> _Task goal_
What are the lines, word for word, from the line with "Charming blue blouse" up to and including the line with "以上研究阐明了这种非平面芳香" in the records below? Omit the pictures.

> _Task input_

****

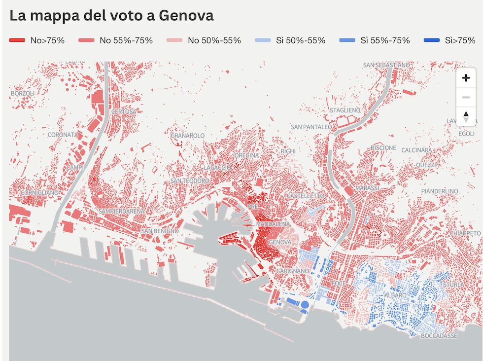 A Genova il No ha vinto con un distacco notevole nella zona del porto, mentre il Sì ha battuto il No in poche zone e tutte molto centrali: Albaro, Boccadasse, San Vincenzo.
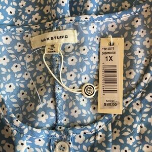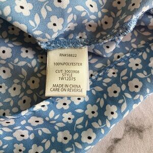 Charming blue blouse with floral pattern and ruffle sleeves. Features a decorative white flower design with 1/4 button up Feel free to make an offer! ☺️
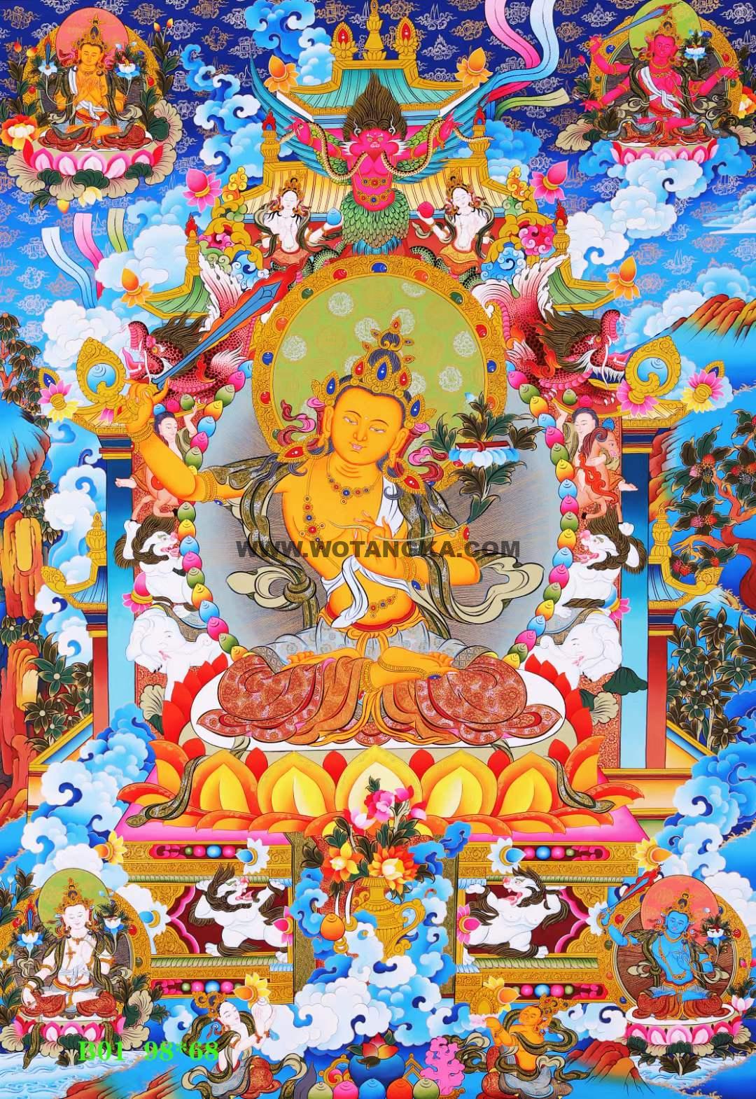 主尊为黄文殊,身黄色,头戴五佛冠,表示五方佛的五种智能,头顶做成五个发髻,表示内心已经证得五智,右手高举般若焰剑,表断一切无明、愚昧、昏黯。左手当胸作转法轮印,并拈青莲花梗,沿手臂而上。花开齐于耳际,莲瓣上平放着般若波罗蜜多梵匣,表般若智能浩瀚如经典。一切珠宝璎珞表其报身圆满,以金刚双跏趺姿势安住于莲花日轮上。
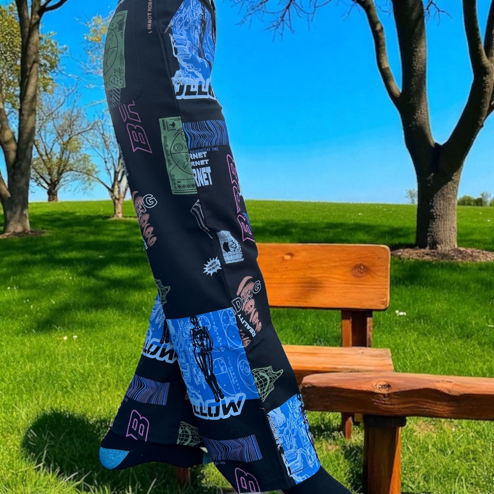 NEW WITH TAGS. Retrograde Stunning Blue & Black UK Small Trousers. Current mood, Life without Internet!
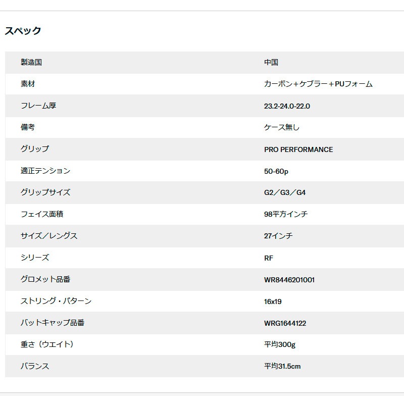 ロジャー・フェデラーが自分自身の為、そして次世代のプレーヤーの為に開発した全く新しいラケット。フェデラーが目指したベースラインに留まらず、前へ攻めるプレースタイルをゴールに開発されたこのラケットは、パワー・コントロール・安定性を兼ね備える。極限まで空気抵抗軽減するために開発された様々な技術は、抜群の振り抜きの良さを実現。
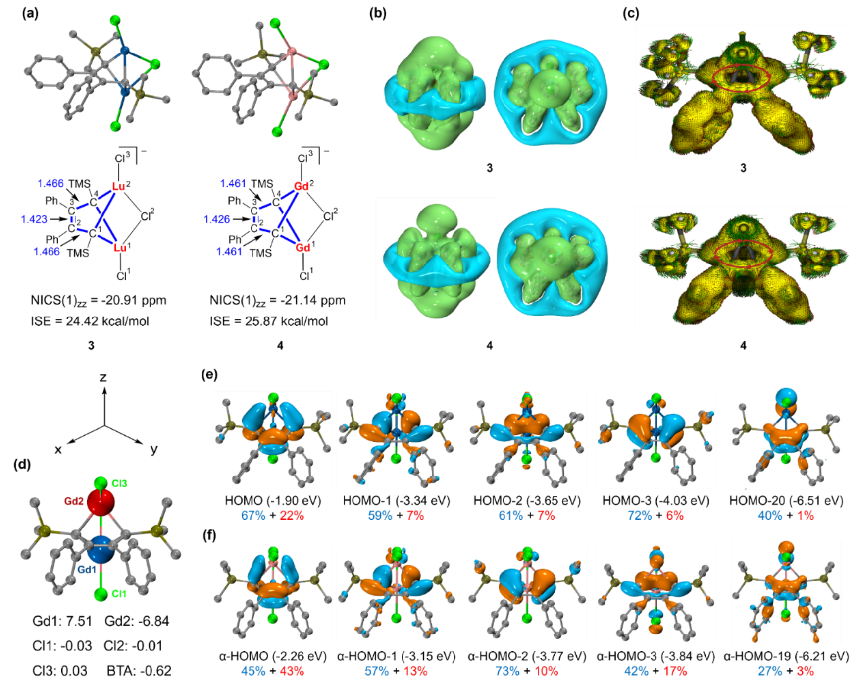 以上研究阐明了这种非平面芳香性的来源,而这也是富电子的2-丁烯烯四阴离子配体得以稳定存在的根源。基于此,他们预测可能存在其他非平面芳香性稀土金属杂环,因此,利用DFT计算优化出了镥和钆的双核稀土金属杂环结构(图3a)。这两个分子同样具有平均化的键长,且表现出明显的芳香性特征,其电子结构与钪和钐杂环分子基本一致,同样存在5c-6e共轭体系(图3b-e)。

****

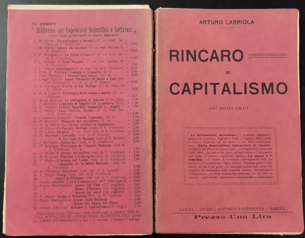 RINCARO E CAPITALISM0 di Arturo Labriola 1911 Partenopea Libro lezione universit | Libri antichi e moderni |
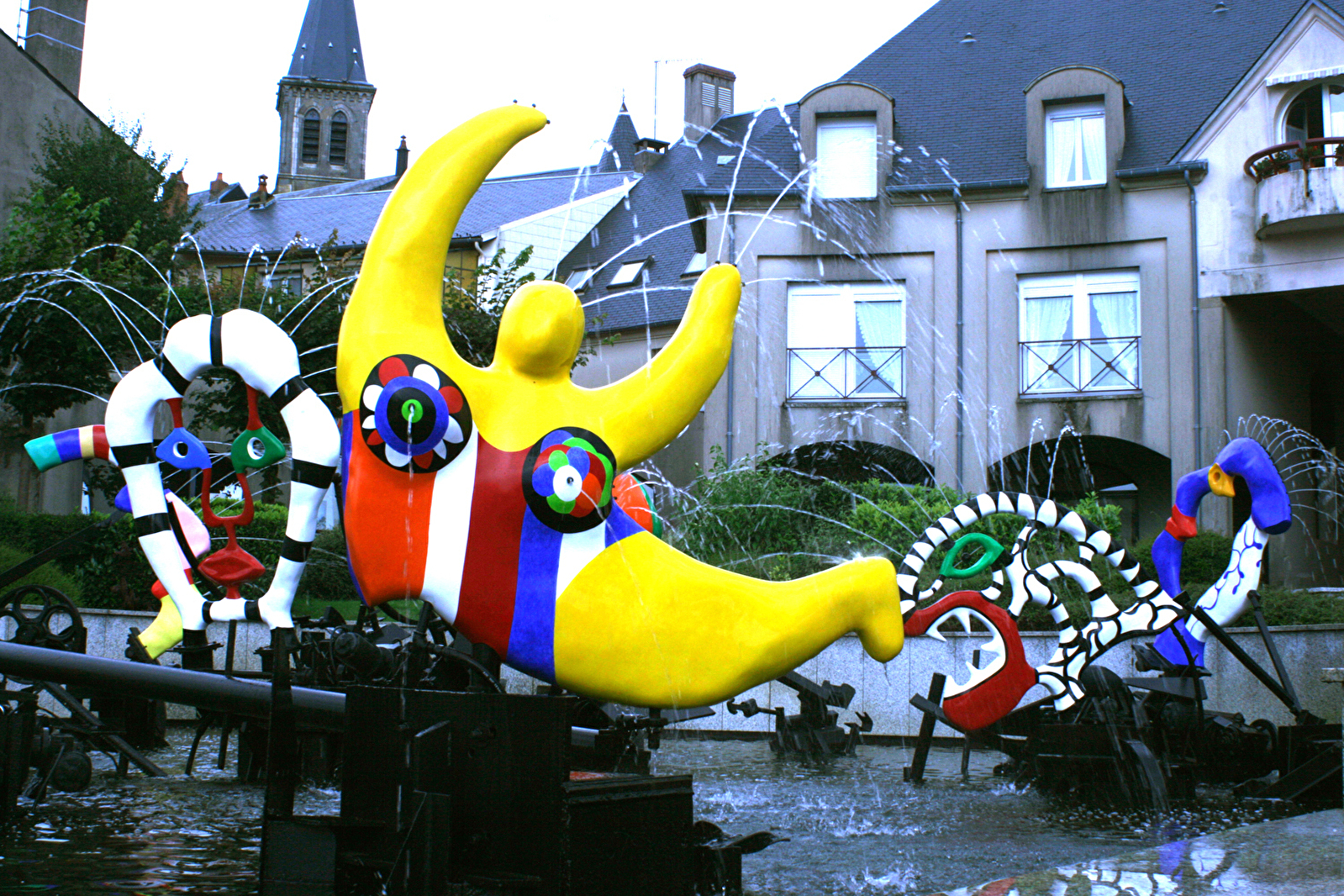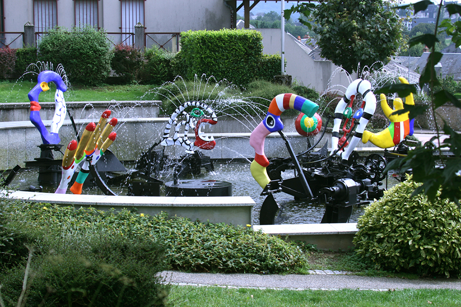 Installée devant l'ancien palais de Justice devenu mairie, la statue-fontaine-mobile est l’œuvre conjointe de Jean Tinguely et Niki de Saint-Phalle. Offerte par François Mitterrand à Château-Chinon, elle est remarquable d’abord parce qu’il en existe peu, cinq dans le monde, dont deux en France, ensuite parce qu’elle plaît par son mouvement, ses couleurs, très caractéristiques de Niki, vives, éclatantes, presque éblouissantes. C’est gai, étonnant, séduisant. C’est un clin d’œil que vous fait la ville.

****

> _Written response_
 Charming blue blouse with floral pattern and ruffle sleeves. Features a decorative white flower design with 1/4 button up Feel free to make an offer! ☺️
 主尊为黄文殊,身黄色,头戴五佛冠,表示五方佛的五种智能,头顶做成五个发髻,表示内心已经证得五智,右手高举般若焰剑,表断一切无明、愚昧、昏黯。左手当胸作转法轮印,并拈青莲花梗,沿手臂而上。花开齐于耳际,莲瓣上平放着般若波罗蜜多梵匣,表般若智能浩瀚如经典。一切珠宝璎珞表其报身圆满,以金刚双跏趺姿势安住于莲花日轮上。
 NEW WITH TAGS. Retrograde Stunning Blue & Black UK Small Trousers. Current mood, Life without Internet!
 ロジャー・フェデラーが自分自身の為、そして次世代のプレーヤーの為に開発した全く新しいラケット。フェデラーが目指したベースラインに留まらず、前へ攻めるプレースタイルをゴールに開発されたこのラケットは、パワー・コントロール・安定性を兼ね備える。極限まで空気抵抗軽減するために開発された様々な技術は、抜群の振り抜きの良さを実現。
 以上研究阐明了这种非平面芳香性的来源,而这也是富电子的2-丁烯烯四阴离子配体得以稳定存在的根源。基于此,他们预测可能存在其他非平面芳香性稀土金属杂环,因此,利用DFT计算优化出了镥和钆的双核稀土金属杂环结构(图3a)。这两个分子同样具有平均化的键长,且表现出明显的芳香性特征,其电子结构与钪和钐杂环分子基本一致,同样存在5c-6e共轭体系(图3b-e)。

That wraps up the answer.